# The task
What you should give back is a precise copy of the lines below from the one containing "Made from premium" through the one containing "Chinese President Xi", with no pictures.

━━━━━ Given data

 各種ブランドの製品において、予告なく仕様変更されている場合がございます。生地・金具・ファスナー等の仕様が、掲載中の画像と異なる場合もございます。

━━━━━━━━━━
━━━━━ Given data

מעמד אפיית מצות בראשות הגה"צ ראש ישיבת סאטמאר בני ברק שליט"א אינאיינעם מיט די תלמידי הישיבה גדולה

━━━━━━━━━━
━━━━━ Given data

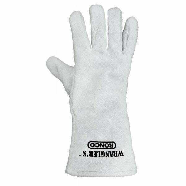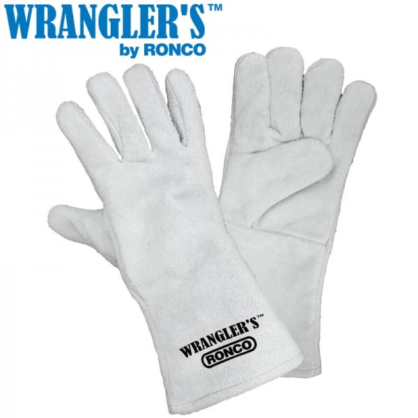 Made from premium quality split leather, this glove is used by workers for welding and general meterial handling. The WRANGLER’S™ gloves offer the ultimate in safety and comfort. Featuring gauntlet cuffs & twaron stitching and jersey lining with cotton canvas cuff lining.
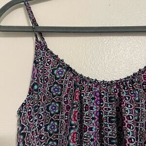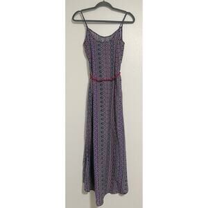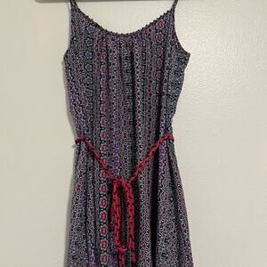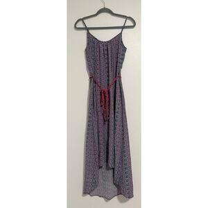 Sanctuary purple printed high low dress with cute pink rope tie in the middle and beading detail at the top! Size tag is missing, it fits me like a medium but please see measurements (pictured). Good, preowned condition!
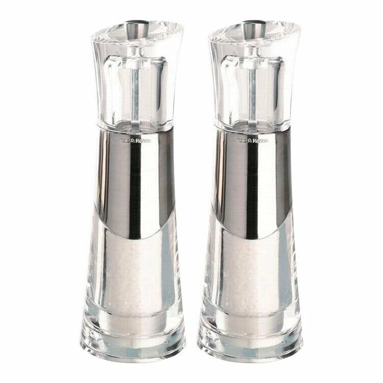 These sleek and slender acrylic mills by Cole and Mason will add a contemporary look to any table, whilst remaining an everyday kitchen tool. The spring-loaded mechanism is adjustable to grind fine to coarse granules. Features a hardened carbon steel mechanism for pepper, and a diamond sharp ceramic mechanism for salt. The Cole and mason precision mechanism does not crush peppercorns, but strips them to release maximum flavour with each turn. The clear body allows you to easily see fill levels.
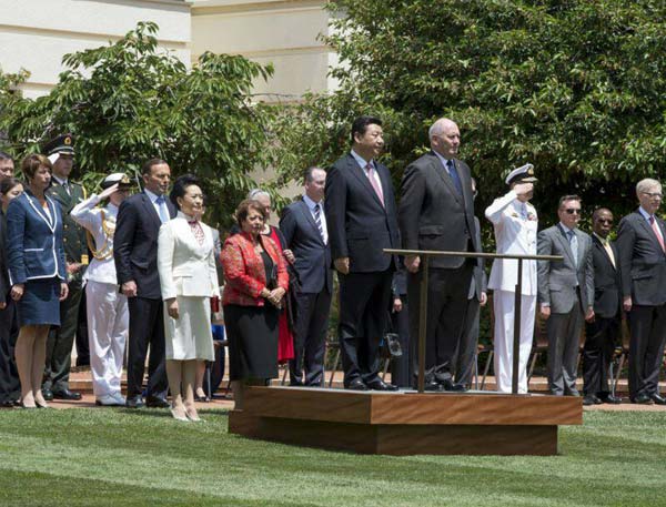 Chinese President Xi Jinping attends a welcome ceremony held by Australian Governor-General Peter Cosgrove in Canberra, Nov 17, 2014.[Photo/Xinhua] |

━━━━━━━━━━

# Answer to this exercise
 Made from premium quality split leather, this glove is used by workers for welding and general meterial handling. The WRANGLER’S™ gloves offer the ultimate in safety and comfort. Featuring gauntlet cuffs & twaron stitching and jersey lining with cotton canvas cuff lining.
 Sanctuary purple printed high low dress with cute pink rope tie in the middle and beading detail at the top! Size tag is missing, it fits me like a medium but please see measurements (pictured). Good, preowned condition!
 These sleek and slender acrylic mills by Cole and Mason will add a contemporary look to any table, whilst remaining an everyday kitchen tool. The spring-loaded mechanism is adjustable to grind fine to coarse granules. Features a hardened carbon steel mechanism for pepper, and a diamond sharp ceramic mechanism for salt. The Cole and mason precision mechanism does not crush peppercorns, but strips them to release maximum flavour with each turn. The clear body allows you to easily see fill levels.
 Chinese President Xi Jinping attends a welcome ceremony held by Australian Governor-General Peter Cosgrove in Canberra, Nov 17, 2014.[Photo/Xinhua] |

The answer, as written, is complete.